Student Question
In August Wison's play Fences, Mr. Death is a symbol of the struggles Troy Maxson has experienced throughout his life and of his commitment to keep on fighting no matter how hard times get or how much he suffers.
When Rose tells Troy that he is going to drink himself to death, Troy responds, "Death ain't nothing." He has seen Death and "wrassled with him." Death is just "a fastball on the outside corner." Troy has faced Death and met him, even beaten him. Death can't keep Troy Maxson down. Death is something to be faced and conquered, at least according to Troy.

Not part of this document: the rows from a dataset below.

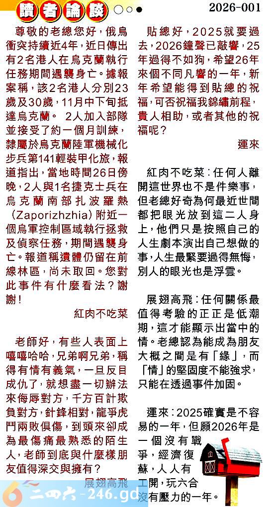 〖運來〗:2025確實是不容易的一年,但願2026年是一個沒有戰爭,經濟復蘇,人人有工開,玩六合沒有壓力的一年。
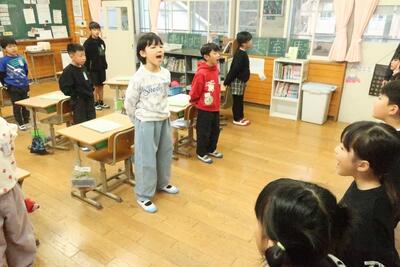 3学期に入り、どの学年も朝の時間を利用して、卒業式の歌の練習をしていますが、1、2年生は週に1回、合同で歌の練習をしています。一緒に練習することで口の開け方や声の出し方などお互いに刺激をもらい、練習のたびに上手になっています。お世話になっている6年生のために心を込めて練習しています。
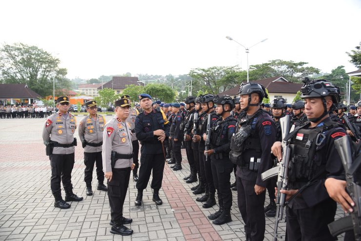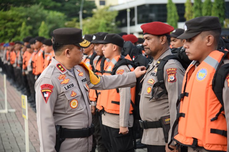 Dalam apel tersebut, Kapolda Maluku turut melakukan pengecekan kesiapan personel, serta menyerahkan perlengkapan tambahan berupa pelampung dan tas kepada personel secara simbolis.
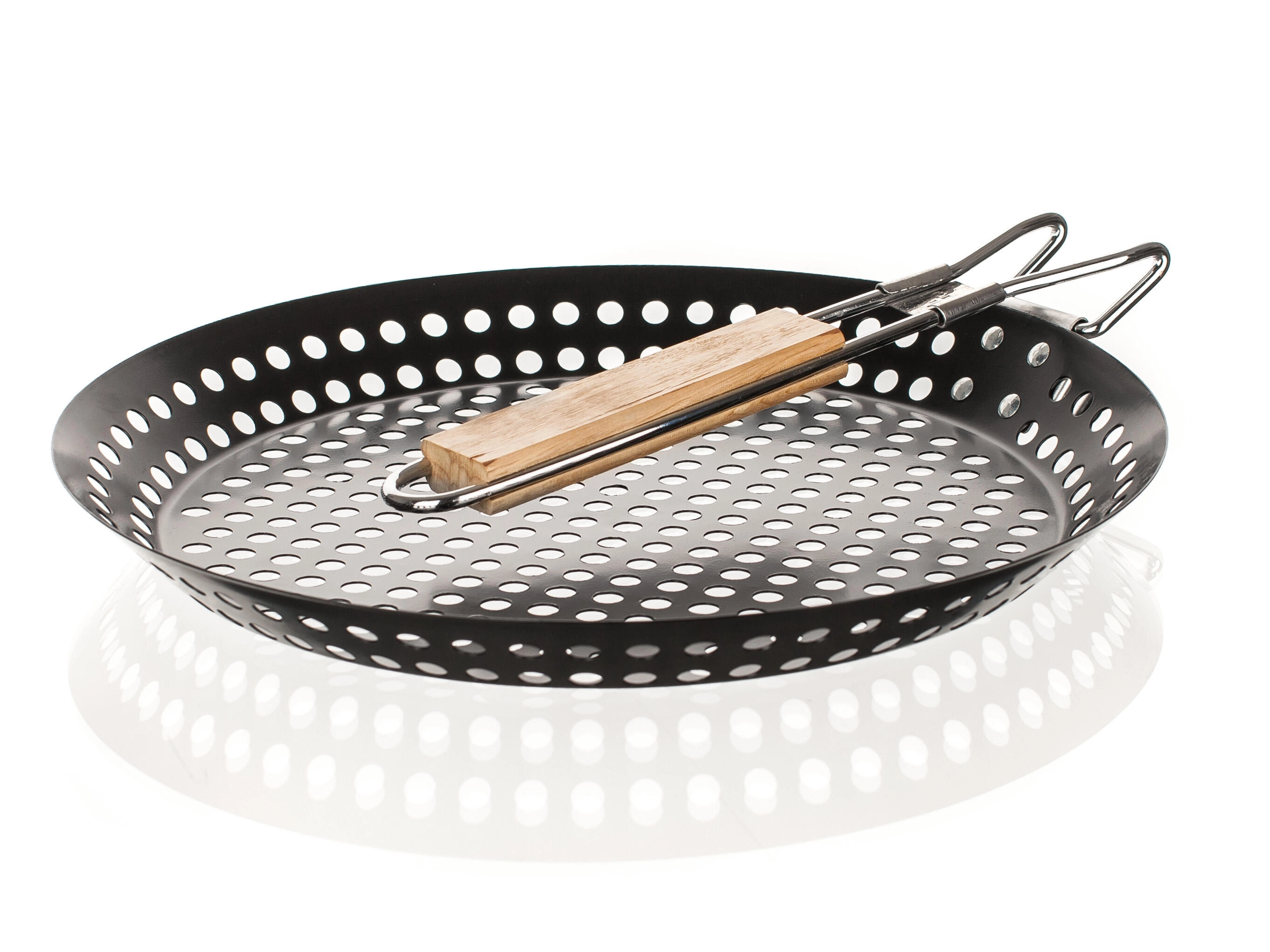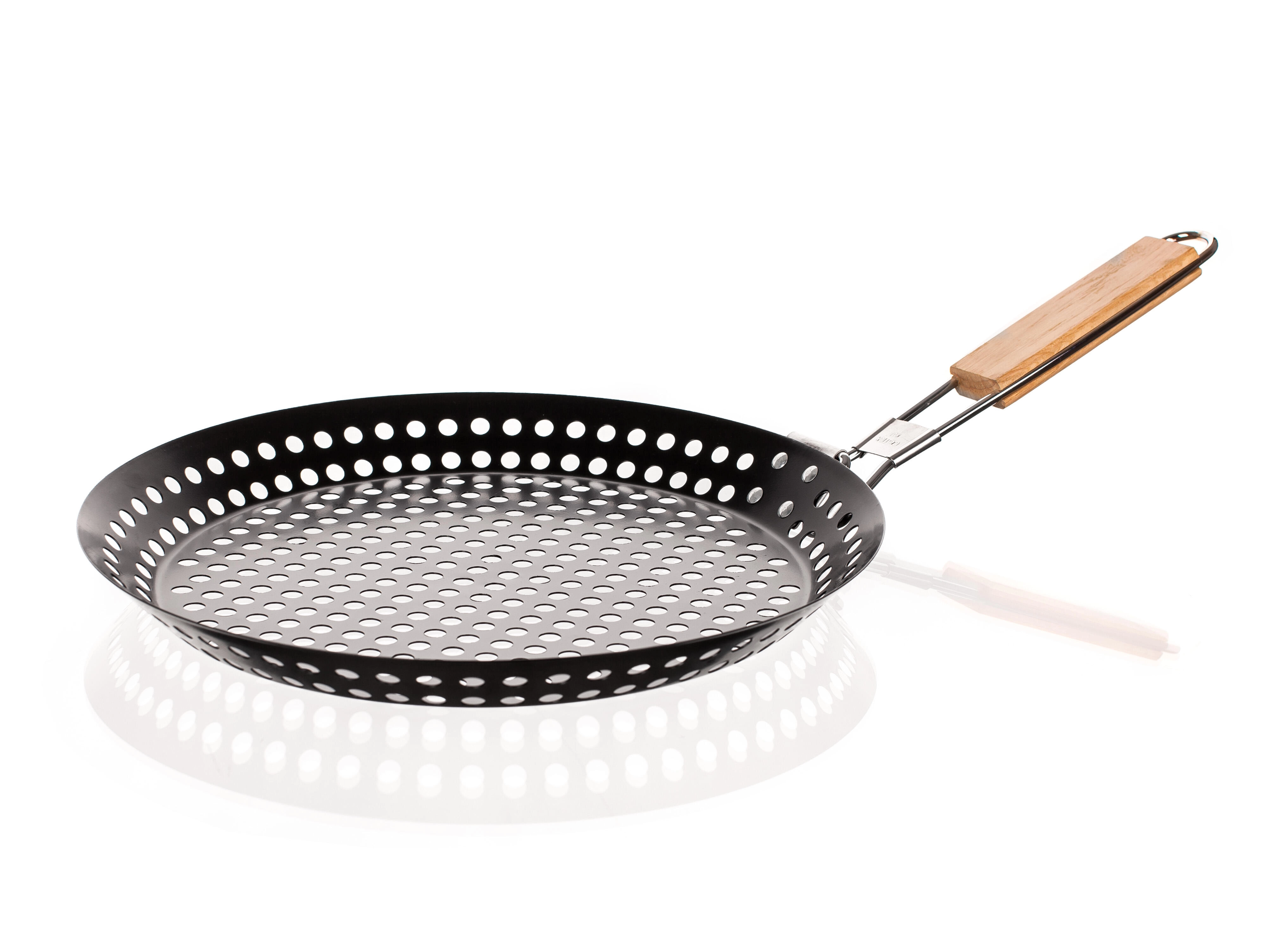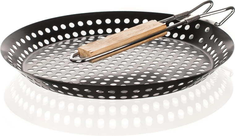 A lehajtható fa nyélnek és a fém keretnek köszönhetően a serpenyő jól tárolható, és forró grill felett is biztonságosan kezelhető. Kiváló választás kisebb vagy törékenyebb alapanyagokhoz, amelyek egyébként átesnének a rácson.
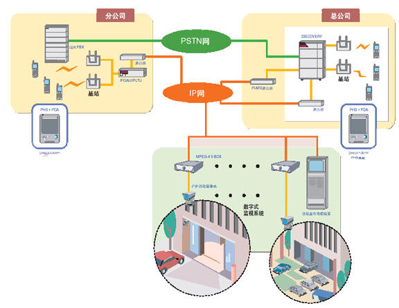 - 可以實(shí)現(xiàn)先在各分支機(jī)構(gòu)分散的按鍵電話系統(tǒng)改裝IP群組接入裝置,構(gòu)成分支機(jī)構(gòu)辦公室環(huán)境。
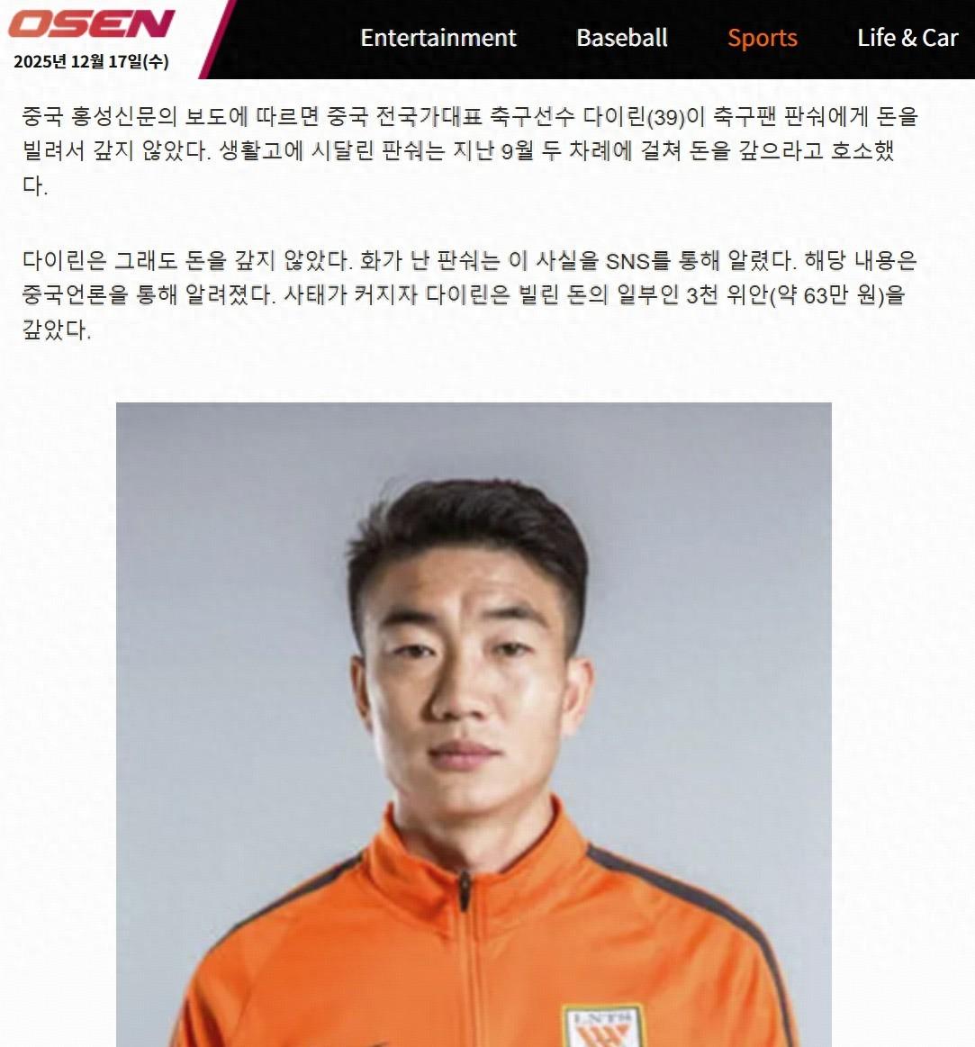 該韓媒以《中國足球真的那麼糟糕嗎?一前國腳向球迷借錢,甚至對其進行辱罵》爲題,報道了戴琳欠錢一事。
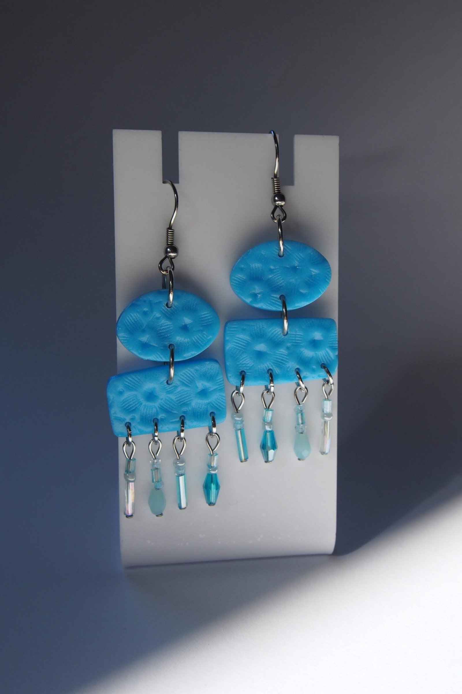 Like all my creations, this playful pair is one of a kind. Lightweight materials and a subtle texture, created using an old button that once belonged to my grandma, come together to create a whimsical, bohemian aesthetic full of movement and charm. Their soft blue tone and gently shimmering beads make them the perfect accent for bright days when the sky is clear and you’re feeling dreamy—or for cloudy days, when you need something positive and light to lift your mood.
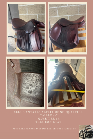 Je vends cette selle Antares Altair mono quartier pour cheval, de taille 17 pouces.
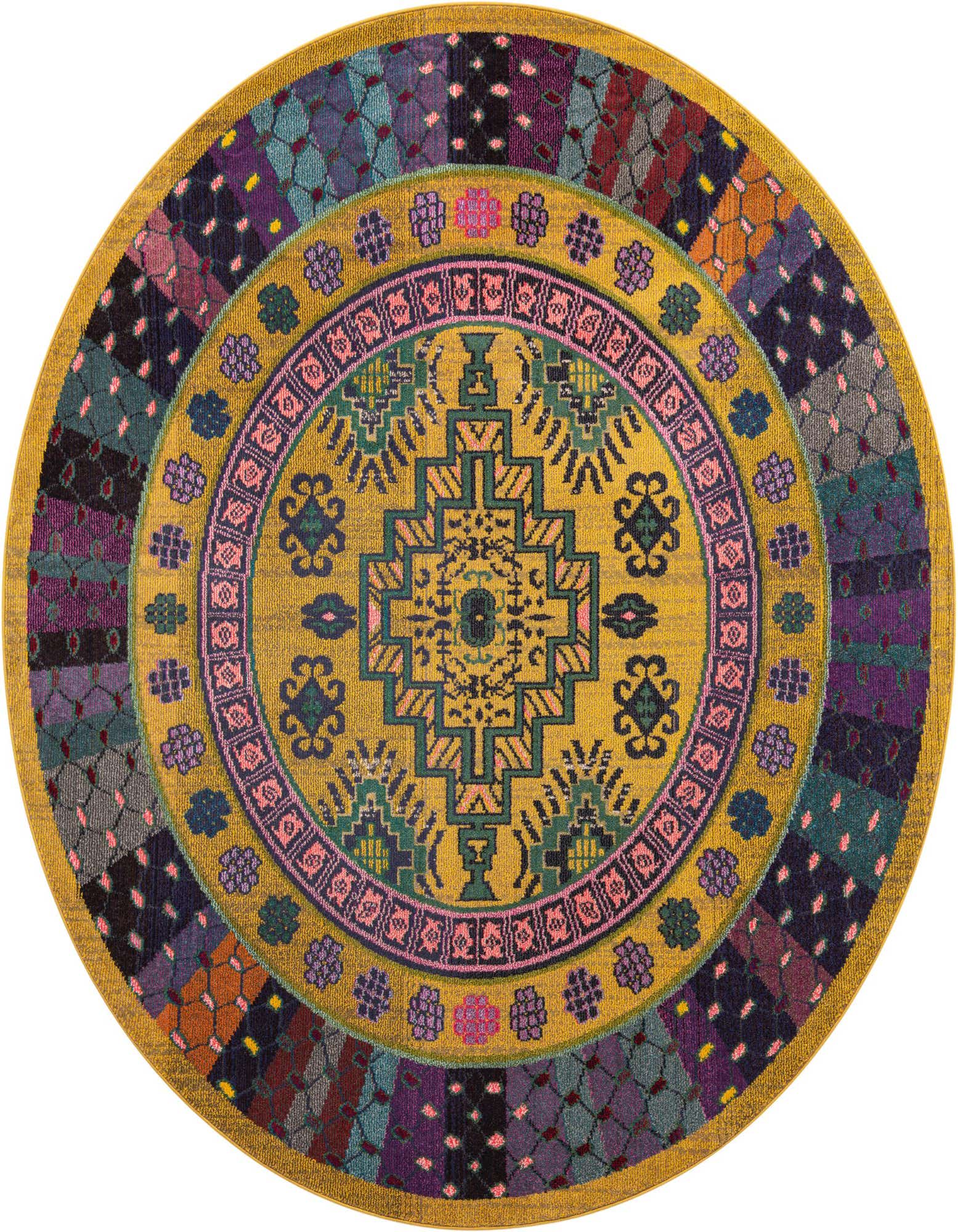 Primary color is Gold. Colors in this rug include: Gold, Blue, Green, Purple, Violet, Pink, Navy Blue.
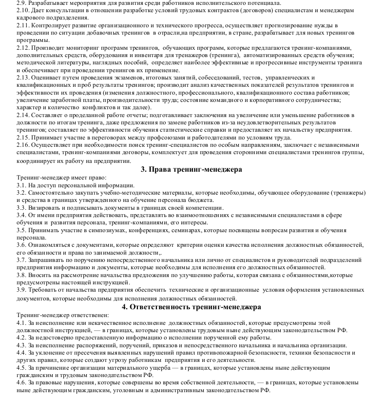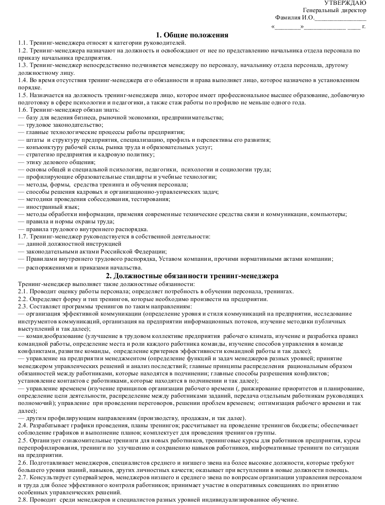 Образец должностной инструкции (обязанностей) тренинг-менеджера
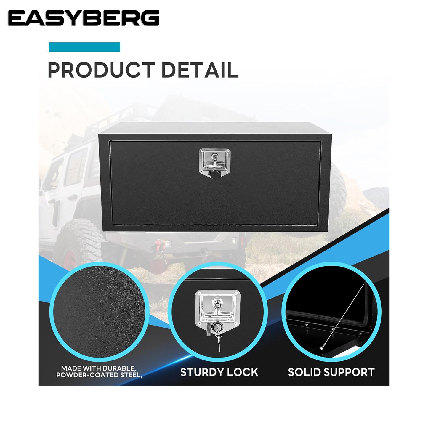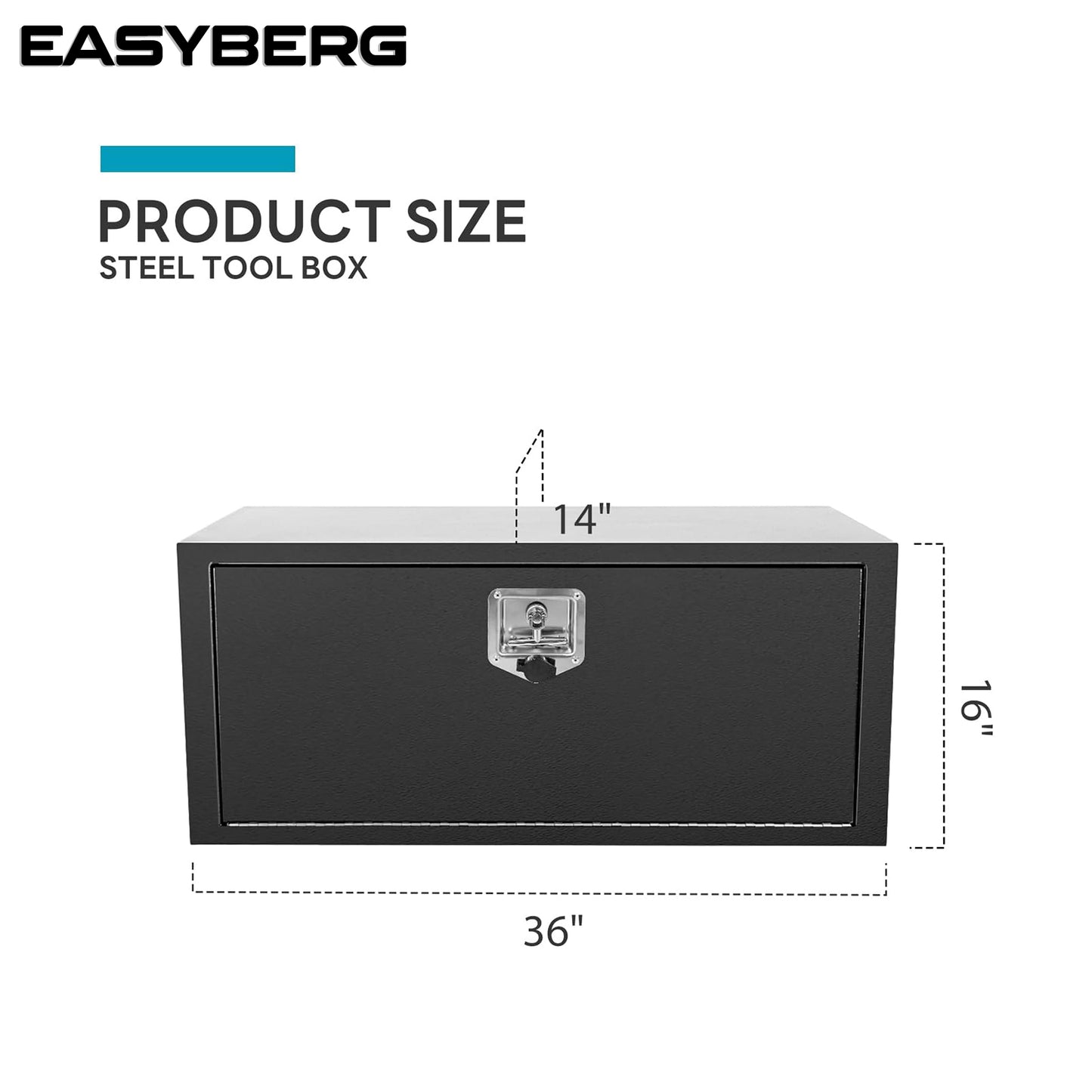 36 Inch Steel Black Underbody Tool Box - Waterproof Truck Tool Chest With Lockable Latch for RVs, ATVs, Trailers & Trucks (36"x14"x16")
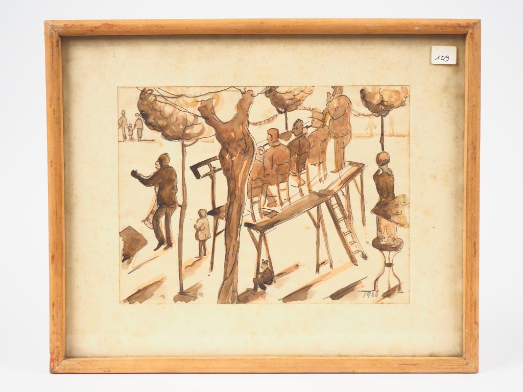 Ecole française XXème. "Le bal en plein air". Lavis, daté en bas à droite 1926 Dim. 19,5 x 26 cm
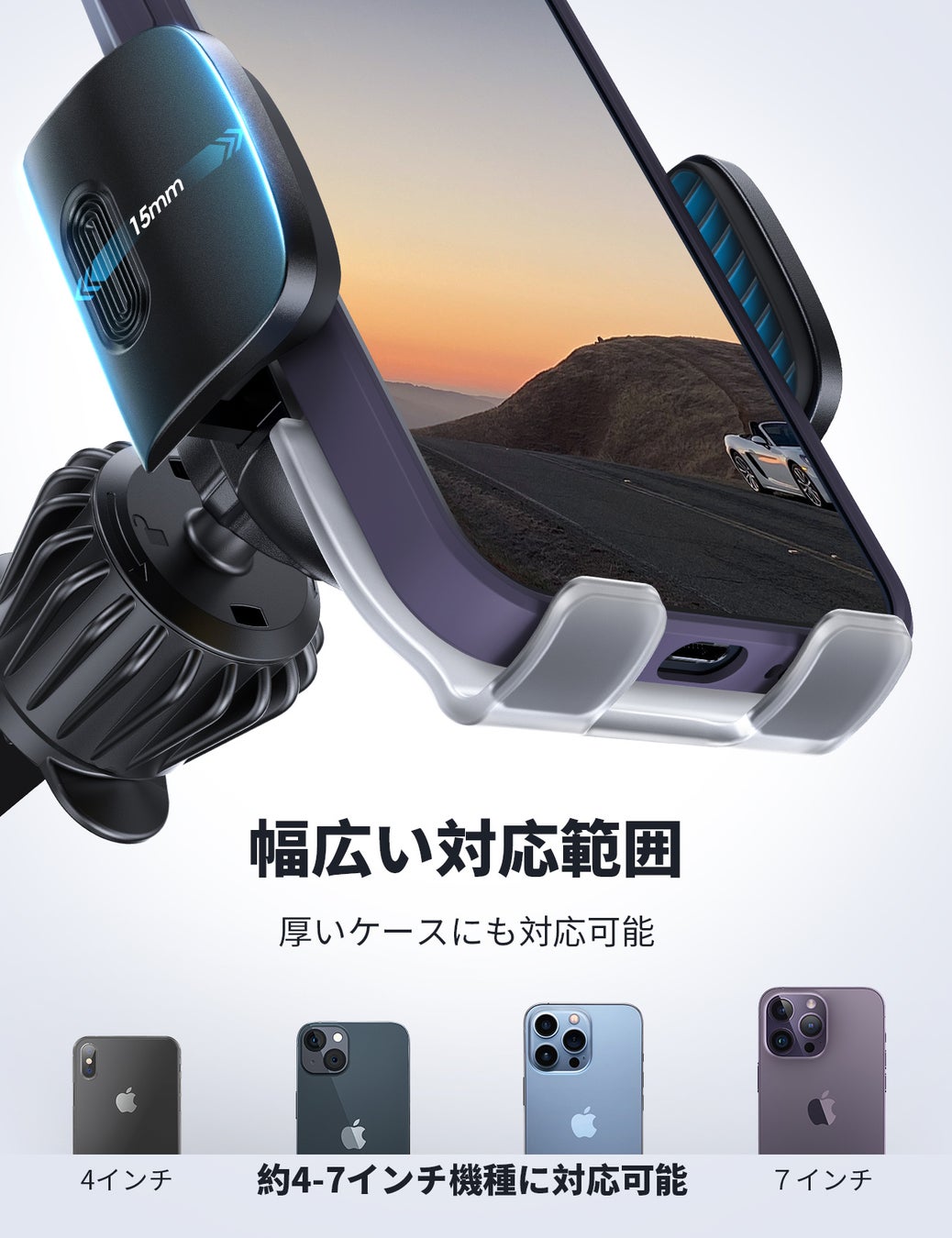 Lamicallのスマホホルダーのフックはプラスチックではなく金属製。ホールド力も抜群です。クリップはスマホのサイドボタンに触れない設計で、誤操作を防げます。また、充電部分をふさがない構造なので、走行中にスマホを充電しながら使用できる点も特徴です。Lamicallではかねてより車載用スマホホルダーを販売しておりますが、今回の製品は安全性とデザイン性がさらにアップグレードされました。

Yet Troy realizes that someday he will die. Everybody dies, he knows. Yet he will fight all the way out, and for a while, he will win. He has before. He remembers July of 1941. "The Army of Death was marching straight at me," he says. "It seem like Death himself reached out and touched me on the shoulder." And Death grinned. But Death didn't get Troy then. Troy faced him and wrestled with him and beat him.
Rose recalls that this was the time when Troy was in the hospital with pneumonia and nearly died. Troy withstood that trial and made his way through that suffering. But Death told Troy that he would be back for him another time. Troy responded that Death would have to find him first. "I ain't going easy," he declares. He will be vigilant and fight again if he must. He is strong, and no matter what life or death throws at him, he will keep on going.
Death, of course, does get Troy in the end, and he takes him suddenly. Troy is swinging his baseball bat in the yard when he drops over from a heart attack. Death has caught up with him at last, and Troy actually does go easily, no matter how much he may have wanted to fight.